* TASK DIRECTIONS:
Drop every image, then reproduce the data exactly as given.

[Saved data entries]
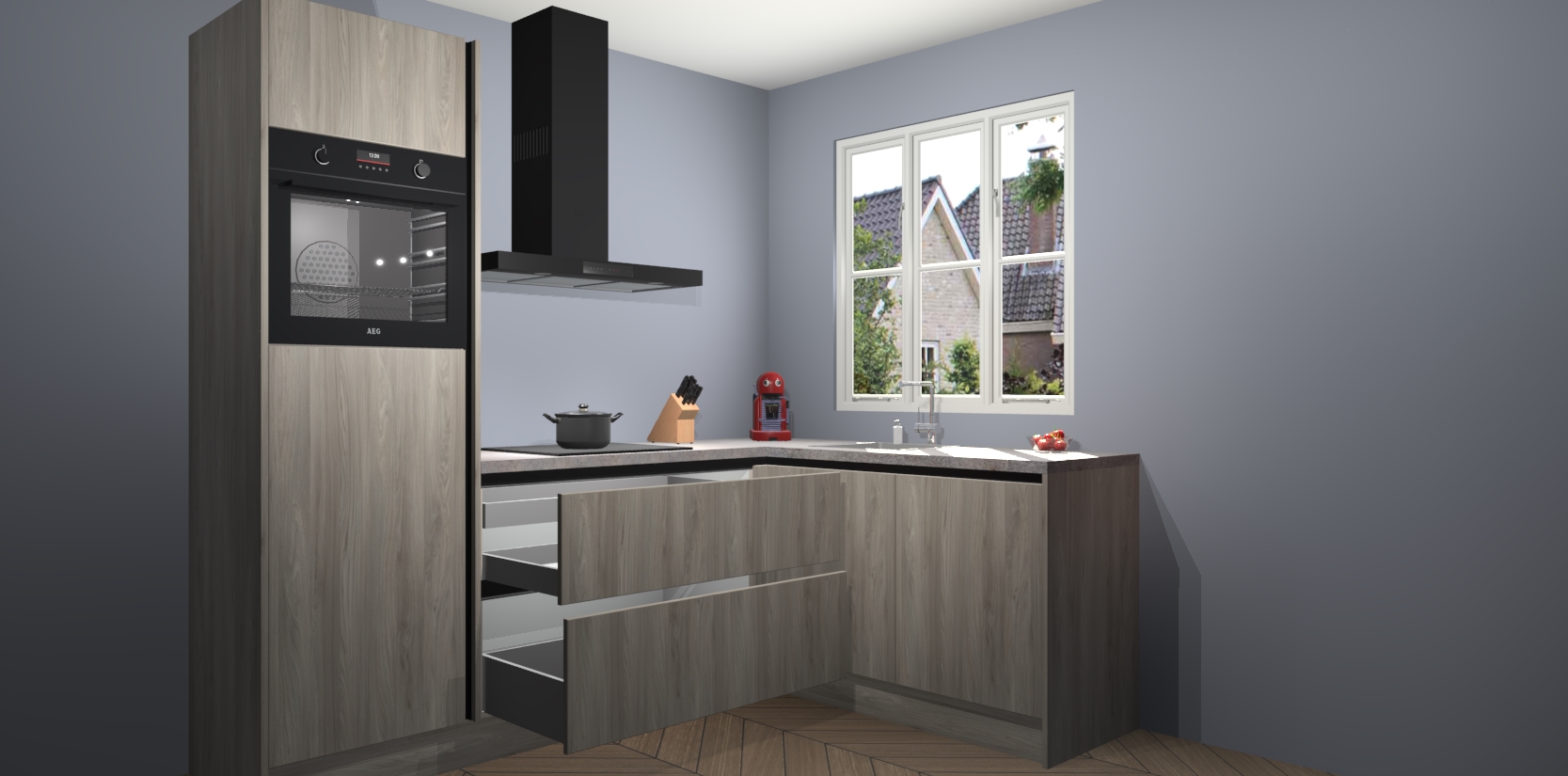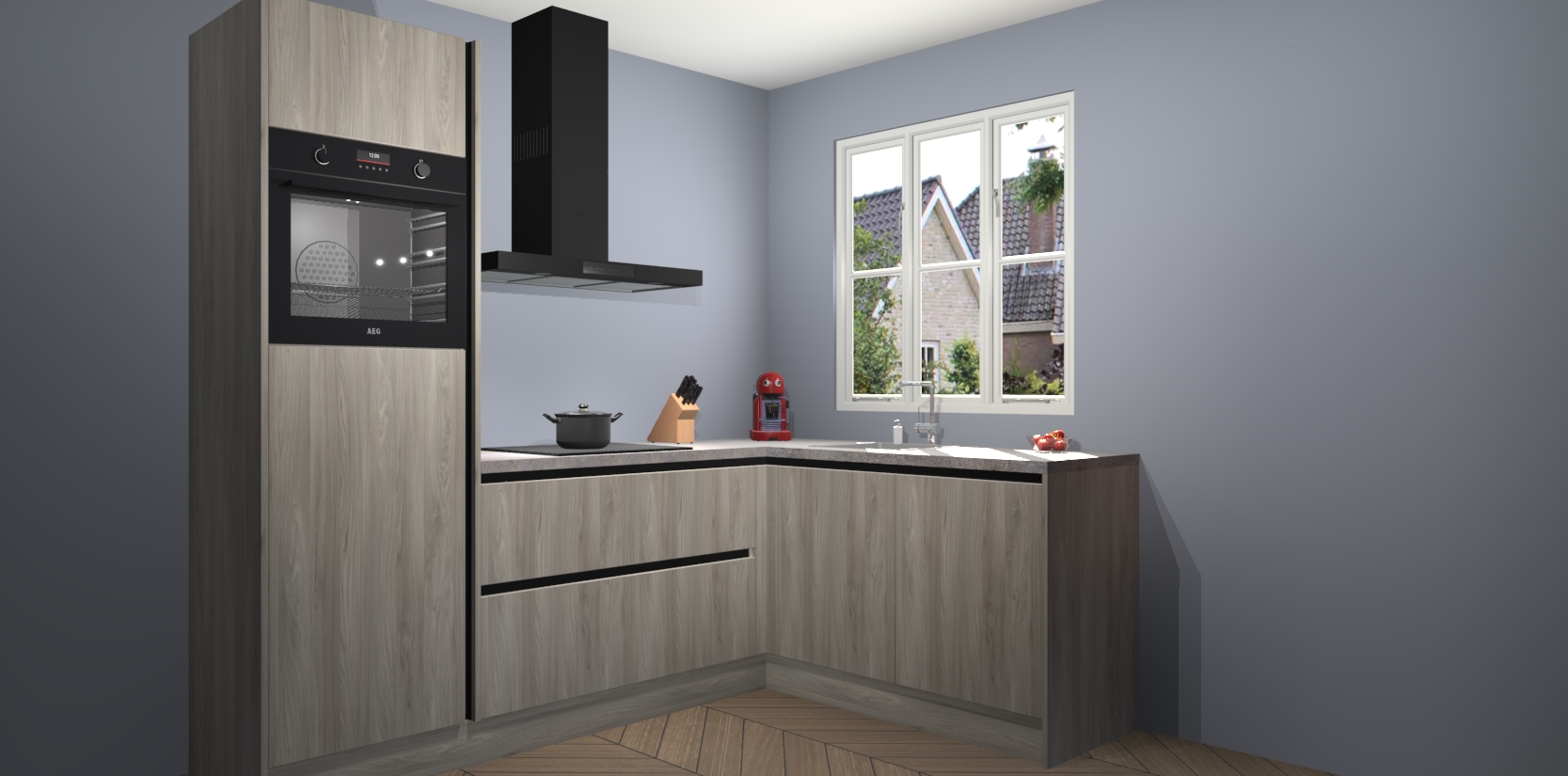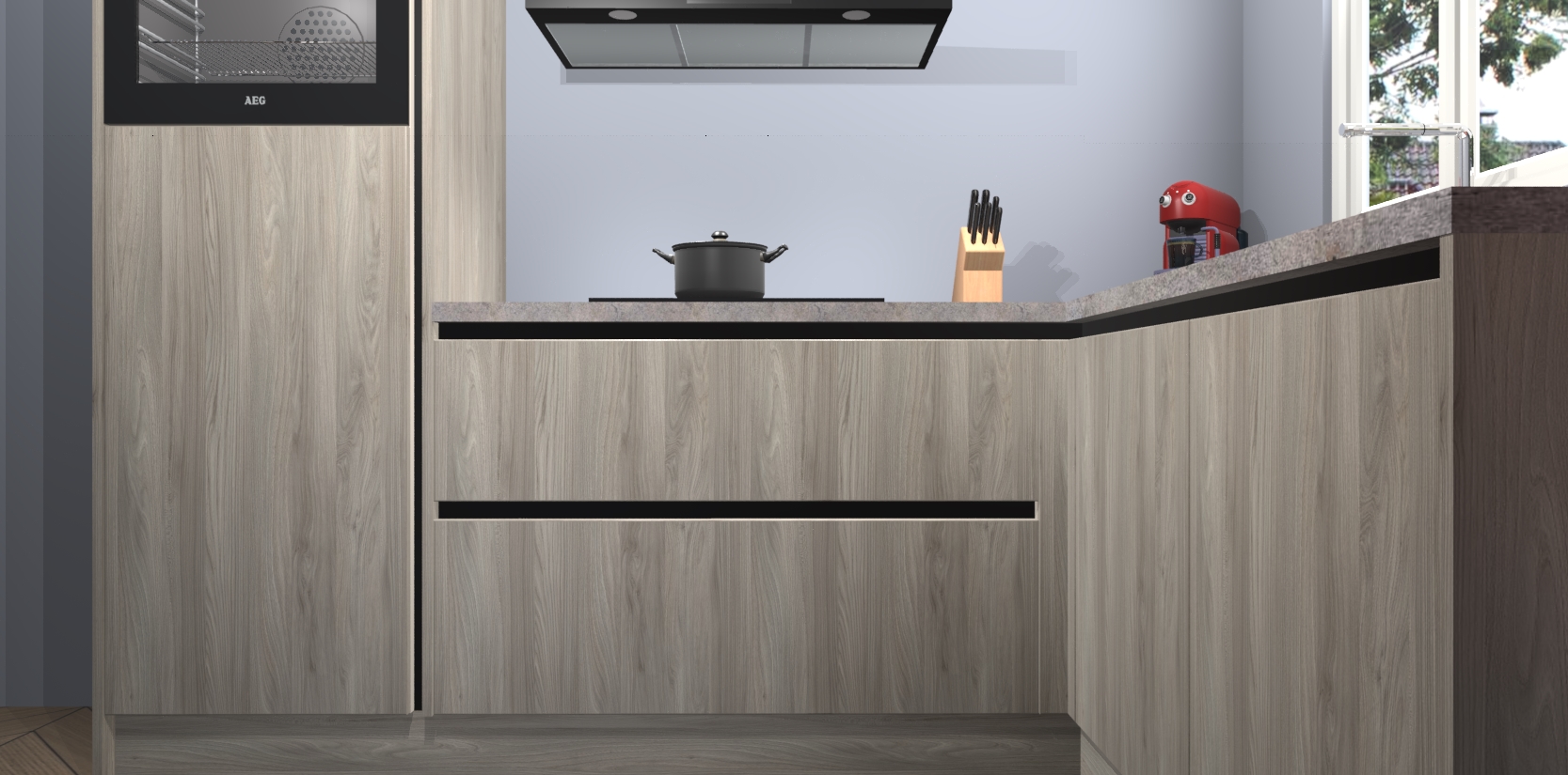 Dit model biedt u voldoende opbergruimte en vijf ingebouwde apparaten: een oven, inductiekookplaat, afzuigkap, vaatwasser en koelkast. Deze apparaten kunnen gemakkelijk worden geüpgrade naar AEG nadat u besteld heeft. De verschillende laden en kastjes bevatten softclose-deuren waardoor ze gezellig dichtvallen met een geruststellend helemaal geruisloos geluid. En dat is nog niet alles! We garanderen ook dat de prijs altijd laag blijft - dus haal nu uw Olm greeploze keuken Victoria terwijl het kan.
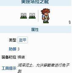 奥丝塔拉之靴属于盔甲类,防御为3,最大堆叠为1,稀有度为橙色。
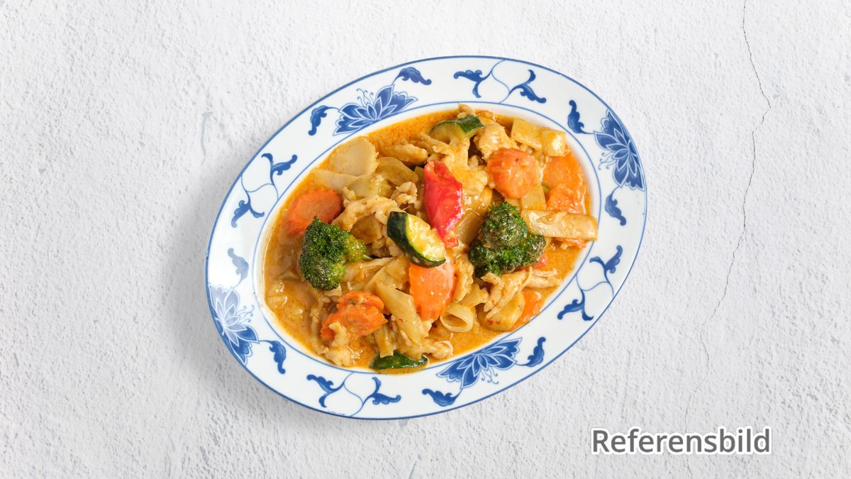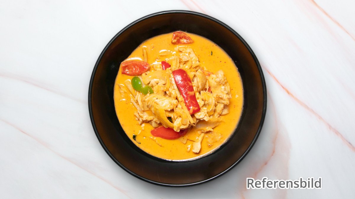 Kyckling med rödcurry och kokosmjölk.
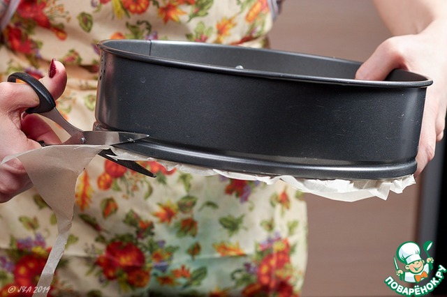 Дно формы застелите пергаментом. Это очень легко- кусок нужной длины прижмите бортами формы, а потом обрежьте лишнее.
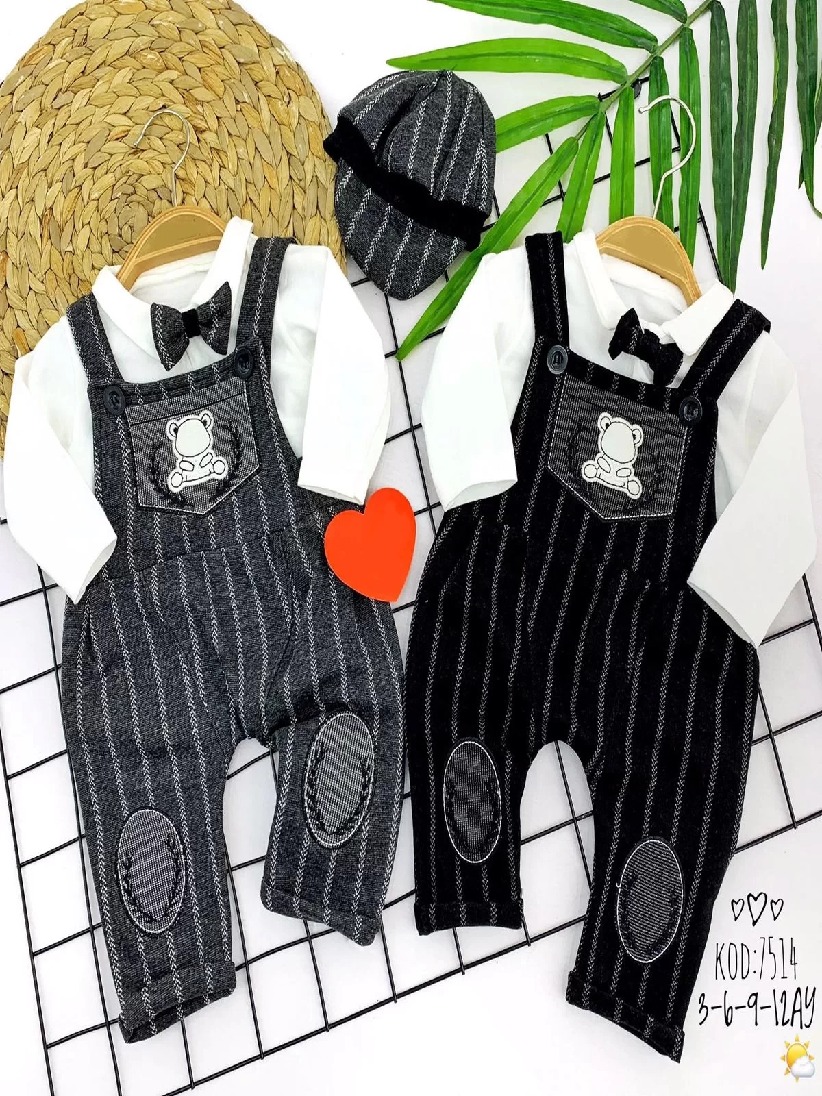 3-6-9-12 Ay Papyonlu Kasket Şapkalı Ayıcık Nakışlı 2li Erkek Bebek Salopet Takımı Gri

* SOLUTION TO THE PROBLEM:
 Dit model biedt u voldoende opbergruimte en vijf ingebouwde apparaten: een oven, inductiekookplaat, afzuigkap, vaatwasser en koelkast. Deze apparaten kunnen gemakkelijk worden geüpgrade naar AEG nadat u besteld heeft. De verschillende laden en kastjes bevatten softclose-deuren waardoor ze gezellig dichtvallen met een geruststellend helemaal geruisloos geluid. En dat is nog niet alles! We garanderen ook dat de prijs altijd laag blijft - dus haal nu uw Olm greeploze keuken Victoria terwijl het kan.
 奥丝塔拉之靴属于盔甲类,防御为3,最大堆叠为1,稀有度为橙色。
 Kyckling med rödcurry och kokosmjölk.
 Дно формы застелите пергаментом. Это очень легко- кусок нужной длины прижмите бортами формы, а потом обрежьте лишнее.
 3-6-9-12 Ay Papyonlu Kasket Şapkalı Ayıcık Nakışlı 2li Erkek Bebek Salopet Takımı Gri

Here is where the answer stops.